**** Entries supplied ****
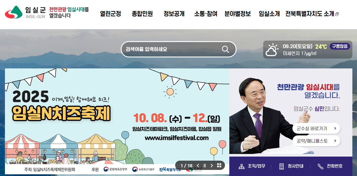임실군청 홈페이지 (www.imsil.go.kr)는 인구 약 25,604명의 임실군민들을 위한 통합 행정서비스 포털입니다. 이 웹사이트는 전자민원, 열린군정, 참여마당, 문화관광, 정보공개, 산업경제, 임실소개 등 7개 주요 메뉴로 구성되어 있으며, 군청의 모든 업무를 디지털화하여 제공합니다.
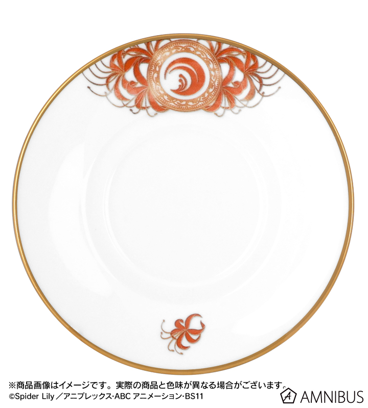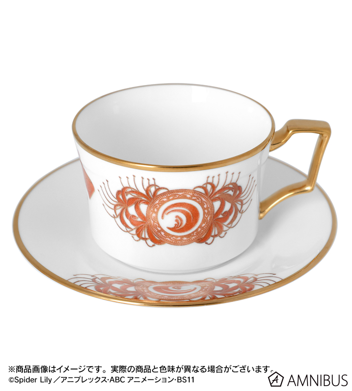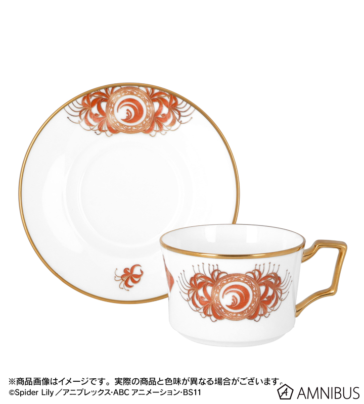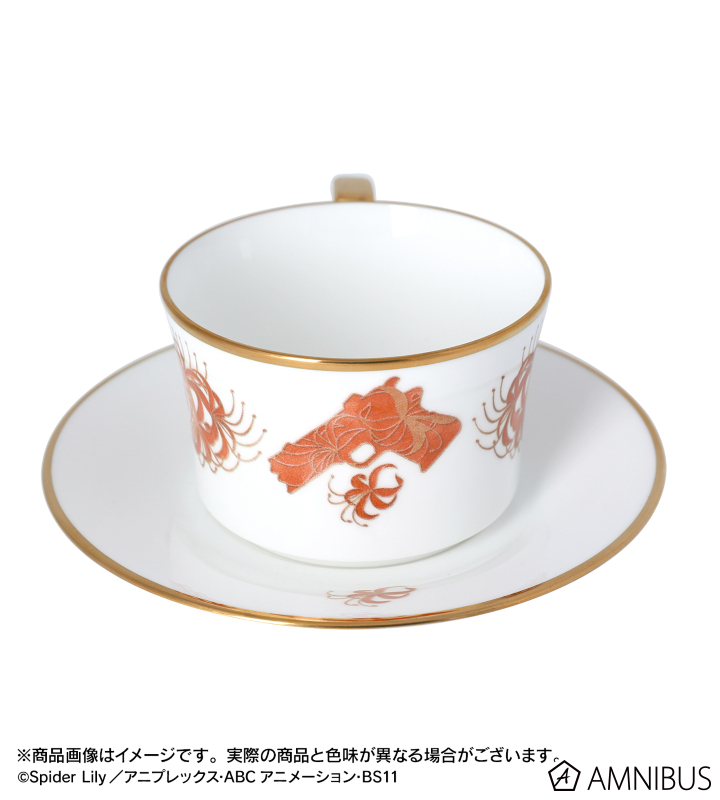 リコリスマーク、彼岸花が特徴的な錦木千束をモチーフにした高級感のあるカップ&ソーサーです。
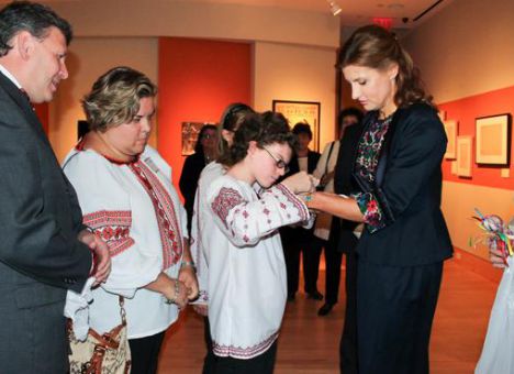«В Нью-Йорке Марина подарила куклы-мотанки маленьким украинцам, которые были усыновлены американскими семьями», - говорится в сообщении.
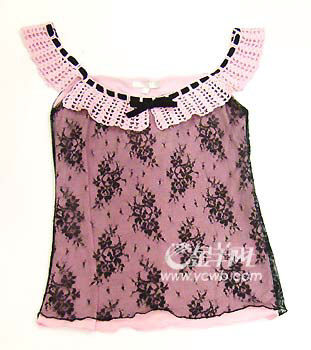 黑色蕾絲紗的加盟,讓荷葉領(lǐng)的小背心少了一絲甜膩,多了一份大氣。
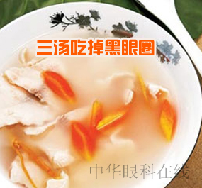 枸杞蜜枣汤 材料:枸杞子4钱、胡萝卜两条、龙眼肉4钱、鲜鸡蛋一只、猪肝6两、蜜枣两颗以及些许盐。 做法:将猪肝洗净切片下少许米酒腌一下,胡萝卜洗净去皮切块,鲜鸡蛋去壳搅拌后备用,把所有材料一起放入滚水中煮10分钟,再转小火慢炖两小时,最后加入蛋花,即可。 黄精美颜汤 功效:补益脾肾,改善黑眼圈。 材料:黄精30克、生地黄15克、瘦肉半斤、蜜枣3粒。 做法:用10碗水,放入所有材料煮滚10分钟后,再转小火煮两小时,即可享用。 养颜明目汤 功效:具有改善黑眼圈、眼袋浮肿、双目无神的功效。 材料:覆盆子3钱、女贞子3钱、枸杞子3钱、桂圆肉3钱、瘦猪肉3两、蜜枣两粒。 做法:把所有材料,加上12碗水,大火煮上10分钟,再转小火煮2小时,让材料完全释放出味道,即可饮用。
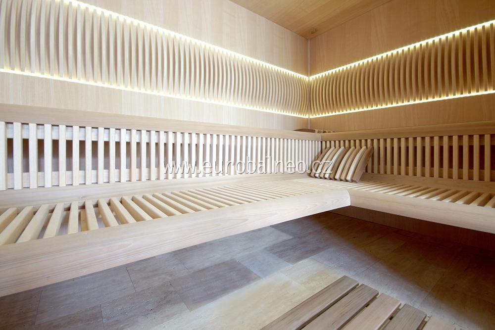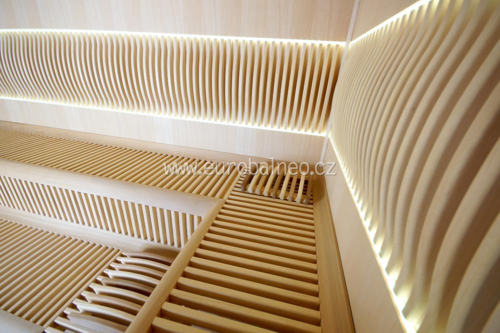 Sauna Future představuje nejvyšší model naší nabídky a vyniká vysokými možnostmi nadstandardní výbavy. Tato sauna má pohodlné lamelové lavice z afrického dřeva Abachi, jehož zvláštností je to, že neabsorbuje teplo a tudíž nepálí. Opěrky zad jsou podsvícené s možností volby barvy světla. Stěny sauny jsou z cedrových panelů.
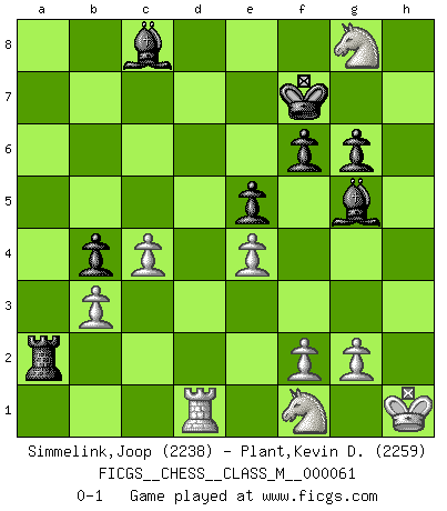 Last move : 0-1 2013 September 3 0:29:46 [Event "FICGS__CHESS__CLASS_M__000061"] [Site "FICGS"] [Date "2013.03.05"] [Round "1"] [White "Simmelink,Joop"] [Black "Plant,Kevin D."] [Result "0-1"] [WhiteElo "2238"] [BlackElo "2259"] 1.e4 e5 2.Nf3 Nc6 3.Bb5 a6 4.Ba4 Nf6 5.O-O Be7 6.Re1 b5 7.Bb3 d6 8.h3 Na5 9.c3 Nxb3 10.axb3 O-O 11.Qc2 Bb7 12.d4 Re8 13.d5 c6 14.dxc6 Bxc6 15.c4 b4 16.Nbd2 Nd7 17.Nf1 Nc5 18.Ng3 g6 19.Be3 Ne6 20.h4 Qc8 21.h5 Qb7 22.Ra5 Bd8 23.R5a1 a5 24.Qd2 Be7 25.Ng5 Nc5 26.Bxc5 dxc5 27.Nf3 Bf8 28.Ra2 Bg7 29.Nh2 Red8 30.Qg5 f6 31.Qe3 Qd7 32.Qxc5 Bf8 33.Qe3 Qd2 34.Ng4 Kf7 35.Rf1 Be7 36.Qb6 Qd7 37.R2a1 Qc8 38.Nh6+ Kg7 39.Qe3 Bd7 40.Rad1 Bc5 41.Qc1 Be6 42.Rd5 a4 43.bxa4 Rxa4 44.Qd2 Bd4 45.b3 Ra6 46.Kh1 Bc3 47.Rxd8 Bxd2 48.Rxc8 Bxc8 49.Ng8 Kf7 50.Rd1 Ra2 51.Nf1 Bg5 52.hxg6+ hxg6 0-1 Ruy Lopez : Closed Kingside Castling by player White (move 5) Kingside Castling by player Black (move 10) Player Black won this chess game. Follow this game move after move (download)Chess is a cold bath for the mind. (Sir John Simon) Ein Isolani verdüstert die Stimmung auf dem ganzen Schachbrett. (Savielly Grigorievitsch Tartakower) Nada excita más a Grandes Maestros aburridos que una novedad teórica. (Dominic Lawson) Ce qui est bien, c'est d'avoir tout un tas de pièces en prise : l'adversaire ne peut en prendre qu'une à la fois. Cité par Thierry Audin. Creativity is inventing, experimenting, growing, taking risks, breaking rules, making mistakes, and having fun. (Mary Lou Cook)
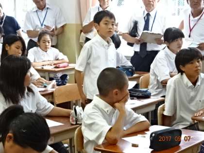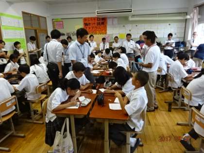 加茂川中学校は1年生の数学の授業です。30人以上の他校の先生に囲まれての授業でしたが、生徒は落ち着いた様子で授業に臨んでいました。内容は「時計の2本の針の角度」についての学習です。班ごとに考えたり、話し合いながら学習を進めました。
****
- Exercise prompt
Starting at the line above that contains "リコリスマーク、彼岸花が特徴", transcribe every line exactly through the line that contains "黑色蕾絲紗的加盟,讓荷葉領(lǐng)的小背心少了一絲甜膩,多了一份大氣。", including that last one, and skip the pictures.

- Answer to the exercise
 リコリスマーク、彼岸花が特徴的な錦木千束をモチーフにした高級感のあるカップ&ソーサーです。
«В Нью-Йорке Марина подарила куклы-мотанки маленьким украинцам, которые были усыновлены американскими семьями», - говорится в сообщении.
 黑色蕾絲紗的加盟,讓荷葉領(lǐng)的小背心少了一絲甜膩,多了一份大氣。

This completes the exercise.